Raw data below:

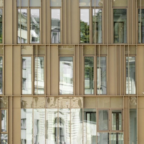 Las fachadas del nuevo edificio y ampliaciones están compuestas por una malla vertical de color bronce que se extiende a lo largo de la fachada a la calle, al patio principal y al jardín. El ritmo de la fachada y su malla fueron diseñados para tejer el vínculo entre los diferentes espacios y temporalidades.
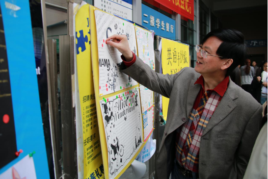 4月25日中午,和畅餐厅二楼门口聚集了不少同学,热闹非凡,原来是来利国际旗舰厅第五届英语文化节系列活动之英语手抄报设计大赛在此举行。适逢中午下课,食堂门口来往的人络绎不绝,不少同学驻足于十几幅风格各异、设计独特的手抄报作品前,并争相从工作人员处领取贴纸,为自己心仪的手抄报投票。
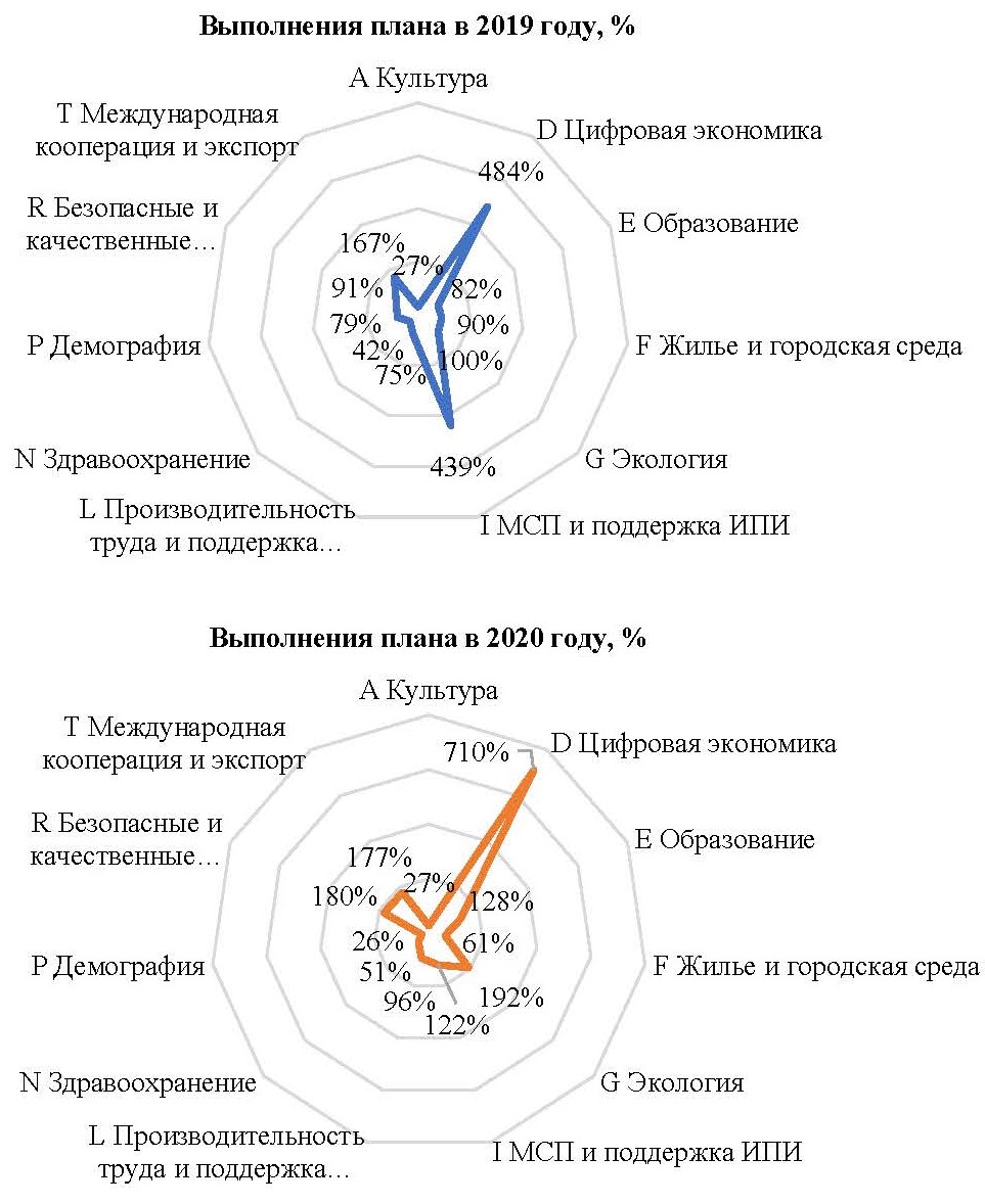 Анализ выполнения плана реализации национальных проектов за 2019 и 2020 гг. (рис. 3) показал, что структура финансирования претерпела значительные изменения по сравнению с запланированными показателями [2; 3]. По одному из самых недофинансированных проектов Цифровая экономика процент выполнения плана составил 484% в 2019 г. и 710% в 2020 г., что говорит о серьезной смене приоритетов и осознании важности процессов цифровизации для региональной экономики. Большое внимание в 2019 г. было уделено Проекту Малое и среднее предпринимательство и поддержка индивидуальной предпринимательской инициативы, его финансирование составили 484% от плана.
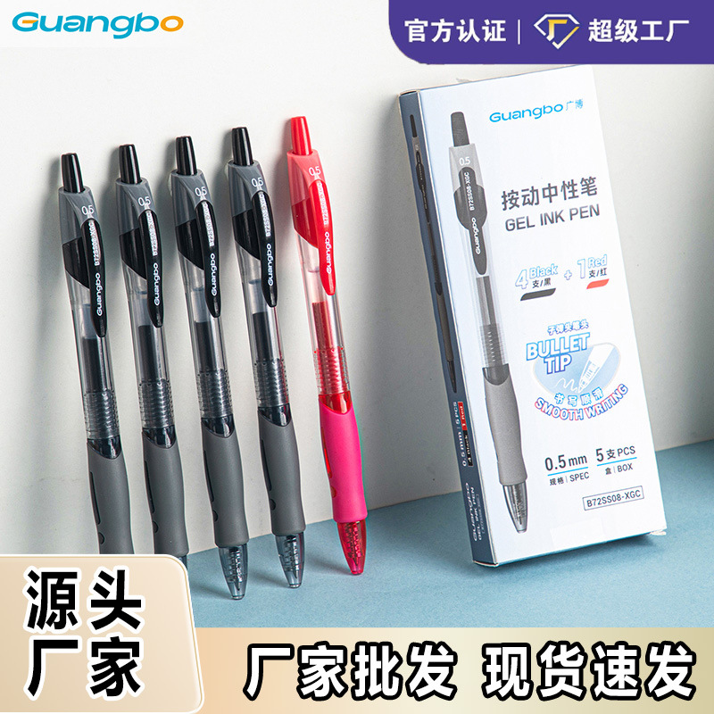 广博按动中性笔0.5mm顺滑签字笔黑色学生考试刷题笔 黑色水笔批发

End of Raw data.

Problem details: Reproduce exactly the lines from the one with "Анализ выполнения плана" to the bottom of the listing, both ends included, and nothing else. Skip the pictures.

Result below:
 Анализ выполнения плана реализации национальных проектов за 2019 и 2020 гг. (рис. 3) показал, что структура финансирования претерпела значительные изменения по сравнению с запланированными показателями [2; 3]. По одному из самых недофинансированных проектов Цифровая экономика процент выполнения плана составил 484% в 2019 г. и 710% в 2020 г., что говорит о серьезной смене приоритетов и осознании важности процессов цифровизации для региональной экономики. Большое внимание в 2019 г. было уделено Проекту Малое и среднее предпринимательство и поддержка индивидуальной предпринимательской инициативы, его финансирование составили 484% от плана.
 广博按动中性笔0.5mm顺滑签字笔黑色学生考试刷题笔 黑色水笔批发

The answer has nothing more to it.